En 2017, huit chercheurs rédigent un des articles les plus cités sur l’IA: «Attention is all you need», «L’attention est tout ce dont vous avez besoin». Les géants du web, Google en particulier, délocalisent une large part de la recherche en IA hors des milieux académiques. Cela explique pour Hugues Bersini «la dépendance croissante des étudiants aux librairies et outils logiciels que ces géants mettent à leur disposition. Leurs données, leurs réseaux de neurones et leur puissance de calcul qu’aucun académique ne pourrait acquérir à titre personnel. »

Pour le conférencier au Collège Belgique, «on ne doit dès lors pas s’étonner de l’attraction qu’exercent ces mégaentreprises, qui peuvent se permettre de n’engager que les meilleurs, sur les futurs génies de l’IA.»

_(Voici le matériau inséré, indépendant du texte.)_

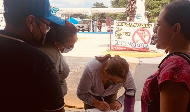 Avanza recolección de firmas en Quintana Roo en contra del nombramiento de Carlos Joaquín como embajador

L’entreprise OpenAI de San Francisco sort ChatGPT en 2022. «Ce logiciel furieux n’a que faire des règles, et d’ailleurs s’en moque», relève le Pr Bersini. «Et c’est confondant, car pour lui, toutes ces suites de mots, la syntaxe qui les assemble et la sémantique qui les sous-tend se trouvent numérisées dans de gigantesques réseaux de neurones d’une nouvelle génération. Plus complexe, mais aussi plus gourmande sur le plan énergétique.»

Inquiétudes

Hugues Bersini exprime ses inquiétudes quant à l’avenir de l’IA. Avec, notamment, la remise en question de l’enseignement, de la recherche, des «droits d’auteur». La voracité énergivore des outils logiciels qui augmente les émanations de CO2. Nécessite des lacs entiers pour refroidir leurs infrastructures.

«La meilleure manière de guider et de limiter ce processus dans l’infini registre des modèles mathématiques ou logiques passe par le raisonnement», conclut le chercheur. «Les connaissances accumulées depuis des millénaires dans un cerveau précablé depuis l’origine des temps. Pour mieux faire face au monde qui l’entoure.»